The yield was measured. The number of times the plating film is formed is
12 times each. A good product was one in which the bleeding phenomenon did not occur at all on the fine wiring of the plated AlN substrate and the plating film was formed on the wiring portion to a thickness of about 4 μm or more.

As a result, in the case of Example 3, the yield was 98%.
And a very large value, whereas in Comparative Example 3, it was 88.
%, 80% in Comparative Example 16, 85% in Comparative Example 16, 80% in Comparative Example 17, and 85% in Comparative Example 20. As described above, the yield is improved by adding thiourea and thallium malonate to the commercially available plating solution, but the yield is considerably smaller than that of the electroless Ni plating solution for AlN substrate according to the example. all right.

[0058]

As described above in detail, the AlN according to the present invention is
In the electroless Ni plating solution for substrates, (a) nickel sulfate (containing crystal water), nickel chloride (containing crystal water) or nickel acetate (containing crystal water) as a Ni ion source, and (b) as a complexing agent (Crystalline water) Ethylenediamine, (d) Reducing agent (Crystalline water) sodium hypophosphite, (c) Organic acid or organic acid salt as at least one of lactic acid, sodium succinate and sodium acetate. (D) It contains thiourea and / or thallium malonate and causes bleeding by an electroless plating method without corroding the AlN substrate and even when fine wiring is formed on the AlN substrate. The Ni-containing plating film having excellent properties such as film adhesion and hardness can be selectively and more quickly formed on the wiring. for that reason,
When the Ni-based plating solution is used, the yield during the plating process can be greatly improved.
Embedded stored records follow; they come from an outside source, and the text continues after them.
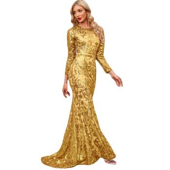 High Quality Gold Prom Dresses For Women Long Sleeve Sequined Mermaid Long Luxury Evening Maxi Dress Elegant Party Wedding Guest
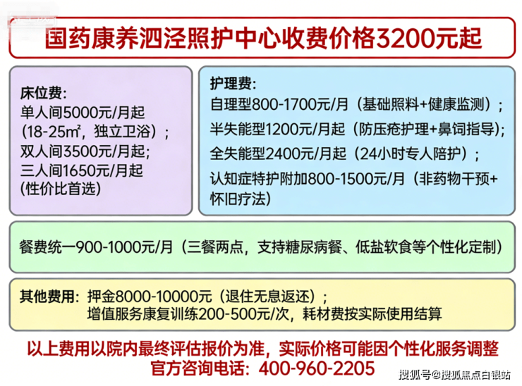 一、国药康养泗泾照护中心收费多少?一条一条给你拆开看!
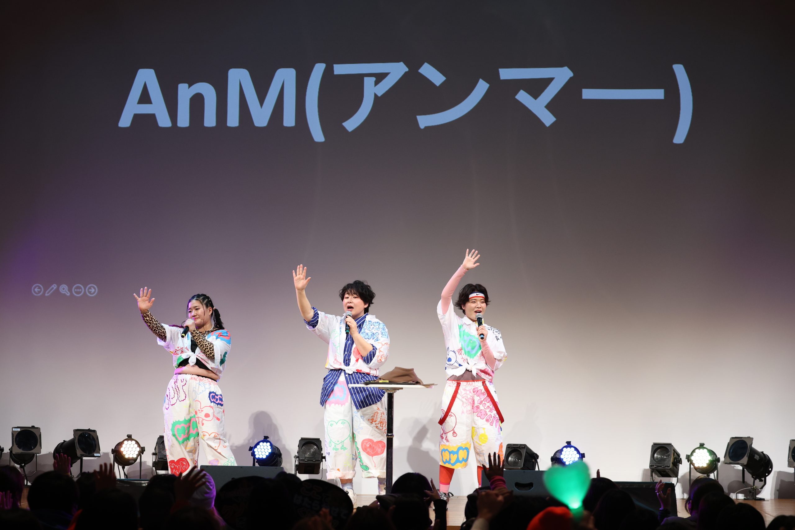 ここで、「MyMのファンネーム」の嬉しい発表が。メンバーみずから効果音を担当。3人が付けたファンネームが、「AnM(アンマー)」。「AnM(アンマー)とは沖縄の言葉でお母さん。まだ誕生から1年も経ってないグループ。だから、あなた達が母として育ててください。飯食べさせてください」と、ファンたちに育ててほしい思いから名付けたとYoshikoが語っていた。さらに「アンドミー。あなたとわたしでやっていきたい」思いも、この名前には込められている。
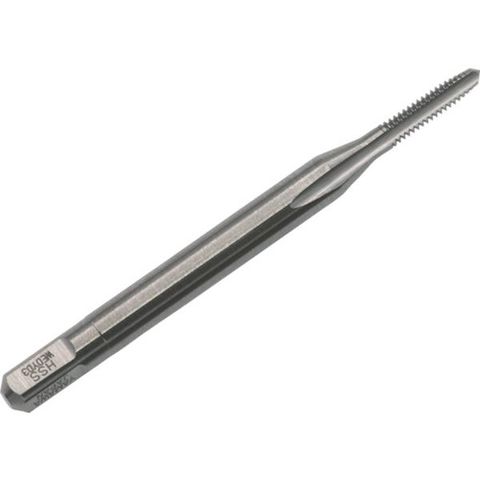 ・先端:中・精度:P1・精度表記:P級・呼び寸法:M1.7・ピッチ(mm):0.2・ねじ長さ(mm):3.6・全長(mm):36・シャンク径(mm):3・シャンク四角部(mm):2.5・下穴径(mm):1.51・加工ねじ:メートルねじ・表面処理:ノンコーティング・溝数:3・食い付山数:5山
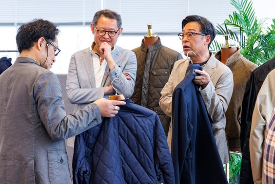 出来上がったアウターウェアのお披露目 + 光石さんをモデルに3通りの着方をご紹介
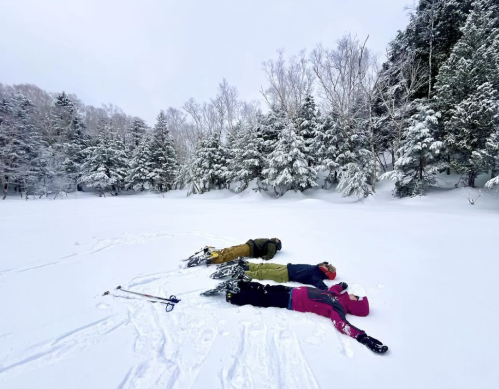 広々とした雪原では、ご家族3人で川の字になって寝転んだり、最後は自分たちの足跡👣しかない静かな雪原(池)を眺めながらのティーブレイク🫖

[Brief description of drawings]

FIG. 1 is an amount of thiourea or thallium malonate added and Ni deposition when thiourea or thallium malonate is added to a plating solution containing a Ni ion source, a complexing agent, a reducing agent, an organic acid, and an organic acid salt. It is the graph which showed the relationship with quantity.

FIG. 2: Thiourea and thallium malonate in prescribed amounts, N
The relationship between the temperature of the plating solution or the pH of the plating solution when added to and mixed with the plating solution containing the i-ion source, the complexing agent, the reducing agent, the organic acid, and the organic acid salt and the Ni deposition amount was shown. It is a graph.

Claims (1)

[Claims] 1. (a) As a Ni ion source (crystal water)
Nickel sulfate, (crystal-containing water) nickel chloride or (crystal-containing water) nickel acetate, (b) complexing water (crystal-containing water) ethylenediamine, (d) reducing agent (crystal-containing water) sodium hypophosphite, (C) At least one of lactic acid, sodium succinate, and sodium acetate as an organic acid or organic acid salt, and (d) thiourea and / or thallium malonate, which are not used for AlN substrates. Electrolytic Ni-based plating solution.